In this article, we propose the development
of a recurrent neural
network (RNN)-based model predictive controller (MPC) for a plasma
etch process on a three-dimensional substrate using inductive coupled
plasma (ICP) analysis. Specifically, the plasma etch process is simulated
by a multiscale model: (1) A macroscopic fluid model is applied to
simulate the gas flows and chemical reactions of plasma. (2) A kinetic
Monte Carlo (kMC) model is applied to simulate the etching process
on the substrate. Subsequently, proper orthogonal decomposition (POD)
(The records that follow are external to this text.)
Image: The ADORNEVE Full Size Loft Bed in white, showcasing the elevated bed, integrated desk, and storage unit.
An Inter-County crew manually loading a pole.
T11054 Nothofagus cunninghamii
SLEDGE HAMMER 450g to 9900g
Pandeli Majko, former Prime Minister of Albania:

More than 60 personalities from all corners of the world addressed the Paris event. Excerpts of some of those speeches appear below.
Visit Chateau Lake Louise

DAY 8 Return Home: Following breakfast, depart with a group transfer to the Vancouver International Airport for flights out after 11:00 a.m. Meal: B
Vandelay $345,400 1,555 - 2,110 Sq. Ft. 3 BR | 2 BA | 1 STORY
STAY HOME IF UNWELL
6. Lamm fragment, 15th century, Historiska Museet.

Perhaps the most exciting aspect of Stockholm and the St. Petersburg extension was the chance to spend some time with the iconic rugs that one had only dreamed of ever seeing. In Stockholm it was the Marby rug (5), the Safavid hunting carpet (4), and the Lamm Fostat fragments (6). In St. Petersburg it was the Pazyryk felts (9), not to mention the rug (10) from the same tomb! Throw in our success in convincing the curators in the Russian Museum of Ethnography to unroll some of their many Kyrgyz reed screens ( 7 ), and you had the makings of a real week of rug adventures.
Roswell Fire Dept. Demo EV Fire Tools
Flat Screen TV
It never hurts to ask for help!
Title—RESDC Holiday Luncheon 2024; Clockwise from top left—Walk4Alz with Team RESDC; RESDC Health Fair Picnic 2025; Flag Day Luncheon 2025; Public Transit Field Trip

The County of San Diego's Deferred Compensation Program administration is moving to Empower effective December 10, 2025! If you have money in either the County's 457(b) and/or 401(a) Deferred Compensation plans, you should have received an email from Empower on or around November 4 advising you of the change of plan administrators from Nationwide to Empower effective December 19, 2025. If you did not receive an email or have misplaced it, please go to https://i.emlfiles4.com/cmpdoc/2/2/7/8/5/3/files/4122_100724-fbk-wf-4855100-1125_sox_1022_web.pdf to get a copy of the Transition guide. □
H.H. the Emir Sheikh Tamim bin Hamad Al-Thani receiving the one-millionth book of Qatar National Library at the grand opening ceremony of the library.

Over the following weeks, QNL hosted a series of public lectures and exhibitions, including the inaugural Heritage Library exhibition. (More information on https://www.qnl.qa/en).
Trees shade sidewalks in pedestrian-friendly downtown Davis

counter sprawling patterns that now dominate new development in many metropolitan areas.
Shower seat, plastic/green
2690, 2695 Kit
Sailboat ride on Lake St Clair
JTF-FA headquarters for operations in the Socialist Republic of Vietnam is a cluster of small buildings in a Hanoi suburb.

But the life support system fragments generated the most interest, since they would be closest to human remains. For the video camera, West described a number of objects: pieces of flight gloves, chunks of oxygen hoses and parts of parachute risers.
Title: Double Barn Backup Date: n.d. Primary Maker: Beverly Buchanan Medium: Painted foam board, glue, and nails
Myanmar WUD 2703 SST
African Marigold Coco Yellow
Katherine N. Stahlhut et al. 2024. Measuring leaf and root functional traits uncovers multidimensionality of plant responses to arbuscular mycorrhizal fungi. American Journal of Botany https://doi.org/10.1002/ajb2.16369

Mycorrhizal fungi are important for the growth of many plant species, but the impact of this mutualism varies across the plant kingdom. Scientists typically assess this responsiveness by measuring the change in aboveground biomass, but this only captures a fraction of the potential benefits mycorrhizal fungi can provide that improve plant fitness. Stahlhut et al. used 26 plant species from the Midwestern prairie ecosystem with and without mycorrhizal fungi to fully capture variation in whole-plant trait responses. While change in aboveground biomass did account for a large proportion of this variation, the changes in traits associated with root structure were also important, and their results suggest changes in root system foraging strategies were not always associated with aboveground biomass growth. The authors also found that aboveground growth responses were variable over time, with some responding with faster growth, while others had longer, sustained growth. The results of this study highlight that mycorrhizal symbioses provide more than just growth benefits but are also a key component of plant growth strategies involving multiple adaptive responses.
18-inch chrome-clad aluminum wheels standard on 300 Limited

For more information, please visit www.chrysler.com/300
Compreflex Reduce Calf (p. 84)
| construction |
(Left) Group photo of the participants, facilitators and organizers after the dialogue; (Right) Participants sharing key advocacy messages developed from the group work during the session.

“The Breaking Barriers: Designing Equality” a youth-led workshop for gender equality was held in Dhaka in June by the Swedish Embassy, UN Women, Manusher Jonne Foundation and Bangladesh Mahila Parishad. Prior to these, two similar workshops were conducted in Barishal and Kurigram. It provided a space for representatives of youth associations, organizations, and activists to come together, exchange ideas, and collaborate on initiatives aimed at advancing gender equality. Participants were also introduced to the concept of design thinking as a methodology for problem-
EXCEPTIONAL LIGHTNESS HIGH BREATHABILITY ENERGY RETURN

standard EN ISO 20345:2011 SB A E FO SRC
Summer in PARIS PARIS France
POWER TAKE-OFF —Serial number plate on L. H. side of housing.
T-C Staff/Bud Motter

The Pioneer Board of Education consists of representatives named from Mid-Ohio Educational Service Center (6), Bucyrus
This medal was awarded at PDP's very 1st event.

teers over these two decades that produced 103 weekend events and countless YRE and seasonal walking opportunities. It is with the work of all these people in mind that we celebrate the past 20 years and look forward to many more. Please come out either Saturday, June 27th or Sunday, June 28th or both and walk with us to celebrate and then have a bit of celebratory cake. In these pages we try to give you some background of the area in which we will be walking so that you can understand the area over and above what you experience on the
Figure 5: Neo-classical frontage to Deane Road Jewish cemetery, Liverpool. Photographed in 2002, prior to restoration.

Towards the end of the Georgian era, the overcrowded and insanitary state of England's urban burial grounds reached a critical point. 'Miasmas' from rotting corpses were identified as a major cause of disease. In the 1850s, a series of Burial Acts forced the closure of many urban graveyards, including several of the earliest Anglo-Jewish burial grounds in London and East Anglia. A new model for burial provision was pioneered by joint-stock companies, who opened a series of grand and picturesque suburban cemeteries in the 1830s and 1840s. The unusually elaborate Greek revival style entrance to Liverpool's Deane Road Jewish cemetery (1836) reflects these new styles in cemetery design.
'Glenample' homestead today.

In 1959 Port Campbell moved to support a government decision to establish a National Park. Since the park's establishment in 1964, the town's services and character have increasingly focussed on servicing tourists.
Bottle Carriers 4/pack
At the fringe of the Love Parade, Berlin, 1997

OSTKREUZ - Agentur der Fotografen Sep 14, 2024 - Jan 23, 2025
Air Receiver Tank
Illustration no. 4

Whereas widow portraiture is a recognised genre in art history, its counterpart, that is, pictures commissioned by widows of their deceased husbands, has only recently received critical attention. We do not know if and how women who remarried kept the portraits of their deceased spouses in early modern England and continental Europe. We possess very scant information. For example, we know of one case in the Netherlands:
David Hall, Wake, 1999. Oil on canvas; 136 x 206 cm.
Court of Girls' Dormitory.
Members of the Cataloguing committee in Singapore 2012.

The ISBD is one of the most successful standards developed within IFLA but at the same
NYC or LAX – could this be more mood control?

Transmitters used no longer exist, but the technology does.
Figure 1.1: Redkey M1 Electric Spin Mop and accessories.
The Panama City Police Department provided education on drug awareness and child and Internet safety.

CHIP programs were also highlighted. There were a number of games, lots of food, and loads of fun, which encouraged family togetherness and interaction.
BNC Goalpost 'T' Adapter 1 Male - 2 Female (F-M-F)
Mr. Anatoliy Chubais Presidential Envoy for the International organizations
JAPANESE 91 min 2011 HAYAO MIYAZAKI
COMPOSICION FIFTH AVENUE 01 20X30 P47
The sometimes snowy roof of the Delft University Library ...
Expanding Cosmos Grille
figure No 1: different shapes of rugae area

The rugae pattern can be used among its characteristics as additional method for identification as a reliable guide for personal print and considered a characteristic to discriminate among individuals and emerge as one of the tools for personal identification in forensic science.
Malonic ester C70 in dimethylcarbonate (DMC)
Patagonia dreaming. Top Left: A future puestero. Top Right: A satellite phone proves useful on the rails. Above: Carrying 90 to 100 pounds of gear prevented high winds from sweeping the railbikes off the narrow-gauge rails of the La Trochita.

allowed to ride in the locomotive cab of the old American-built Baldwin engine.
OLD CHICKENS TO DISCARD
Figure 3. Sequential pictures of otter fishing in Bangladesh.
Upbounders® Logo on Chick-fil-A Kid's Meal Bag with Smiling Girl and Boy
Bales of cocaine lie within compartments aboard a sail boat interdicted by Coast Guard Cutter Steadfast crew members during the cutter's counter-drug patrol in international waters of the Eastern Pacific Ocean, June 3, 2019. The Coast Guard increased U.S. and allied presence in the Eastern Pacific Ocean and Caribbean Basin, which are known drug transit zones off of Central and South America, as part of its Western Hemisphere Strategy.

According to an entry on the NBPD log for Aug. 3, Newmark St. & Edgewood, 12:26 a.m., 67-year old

is used to derive the empirical eigenfunctions of the plasma model.
Then the empirical eigenfunctions are utilized as basis functions
within a Galerkin’s model reduction framework to compute a
low-order system capturing dominant dynamics of the plasma model.
Additionally, RNN is introduced to approximate dynamics of both the
reduced-order plasma system and the microscopic etch process. The
training data for the RNN models are generated from discrete sampling
of open-loop simulations. A probability distribution function is also
involved to present the stochastic characteristic of the kMC model.
The trained RNN models are then implemented as the prediction model
in the development of MPC to achieve desired control objectives. Closed-loop
simulation results are presented to compare the performance of the
model predictive controller and a proportional-integral (PI) controller,
which show that the proposed MPC framework is effective and exhibits
better performance than does a PI controller.